3. Look past AI marketing language and ask what the features actually do
Does the platform offer predictive churn scoring? Intelligent send-time optimization? Content recommendations based on individual behavior? Automated variant selection within journeys? And critically—are these capabilities built into the core platform and available to all users, or gated behind expensive add-ons? The most effective AI in a CEP automates decisions marketers were already making manually, at a speed and scale that manual work can't match.
4. Interrogate the data architecture
The infrastructure underneath a platform determines everything above it. A platform built on stream processing—where data is ingested and acted on continuously—behaves fundamentally differently from one that batches data overnight. Ask vendors directly: how quickly do customer profiles update after an action is taken? How is segmentation built—against a live data stream or a periodic query? Can the platform trigger a message within seconds of a behavioral event? The answers reveal whether a platform can genuinely respond to customer behavior in the moment, or whether it approximates it after the fact.

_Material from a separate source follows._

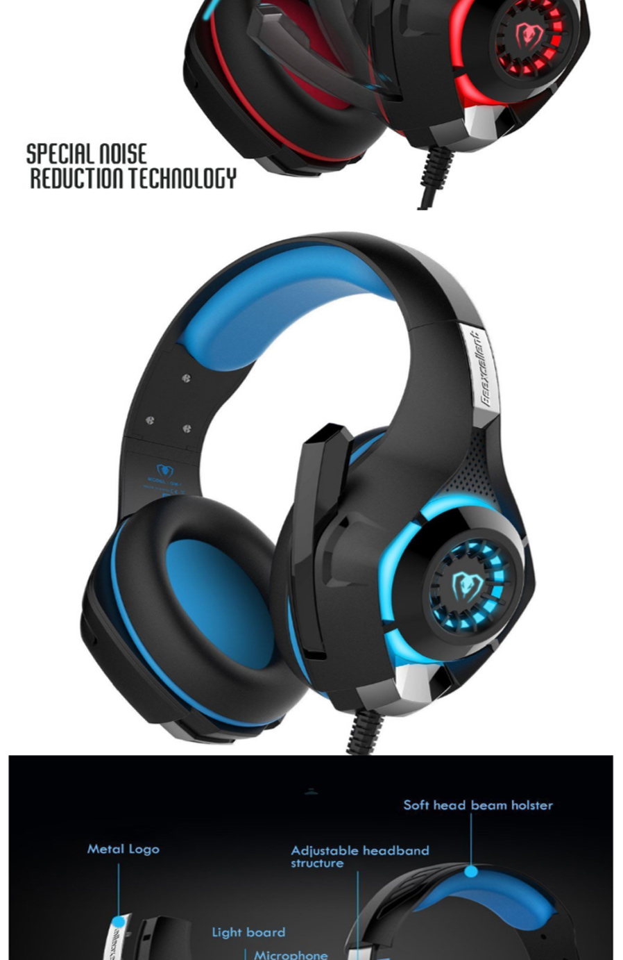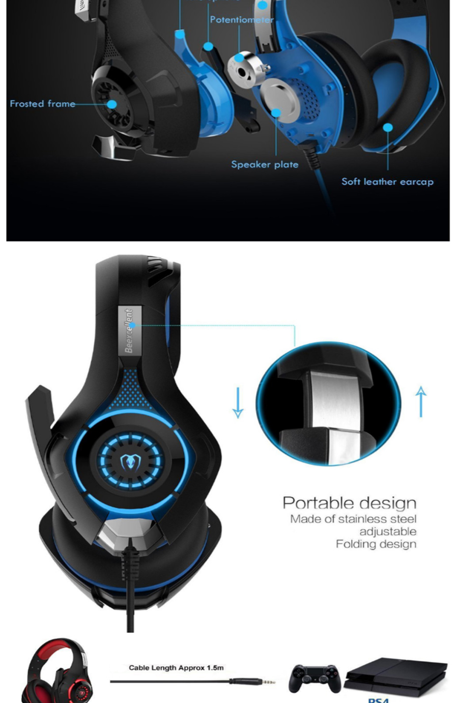 Beexcellent GM-1 Headphones Gaming Headset With Mic Splitter Cable Blue

5. Evaluate for where you're heading, not just where you are today
Ask what happens to performance and cost as your user base grows, as you add channels, and as your journey complexity increases. Request specifics on how the platform handles peak load—a promotional send to millions of users, for example. Pricing models are important here too: platforms that charge per database size or per seat can become significantly more expensive as you grow, in ways that aren't always obvious at contract stage.
6. Test with real data, not vendor demos
Request a proof-of-concept using your own journeys and customer data. Score each platform against the same criteria, weighted by business priority, so comparisons stay objective. Ask for customer references comparable to your business in size, industry, and use case—and calculate total cost of ownership across implementation, onboarding, training, and support, not just the license cost.
The vendor that performs best on a features checklist may not be the one that delivers the most value twelve months after go-live.
Customer engagement platform FAQs
What is a customer engagement platform?
A customer engagement platform is software that supports real-time, cross-channel customer engagement, helping teams deliver personalized, coordinated experiences across email, mobile, SMS, web, and more from a single interface. It connects customer data to orchestrated messaging and journeys across the full customer lifecycle.
How do companies choose a customer engagement platform?
Companies choose a customer engagement platform by evaluating integration capabilities, data architecture, AI features, and scalability against their specific needs. A structured process—including proof-of-concept testing with real data, total cost of ownership analysis, and comparable customer references—helps teams find the platform that fits how they actually work.
What features should a customer engagement platform include?
A customer engagement platform should include real-time data processing, live customer profiles, cross-channel journey orchestration, AI-driven personalization, multivariate testing, automation workflows, reporting and analytics, and native integrations with the broader marketing and data stack. These capabilities should work together from a single interface, not function as disconnected modules.
What is the difference between a CRM and a customer engagement platform?
A CRM manages customer records and relationship workflows, typically tied to sales and service operations. A customer engagement platform is built for orchestration—connecting real-time behavioral data to coordinated messaging across channels. Both can coexist in the same stack, but they serve fundamentally different functions.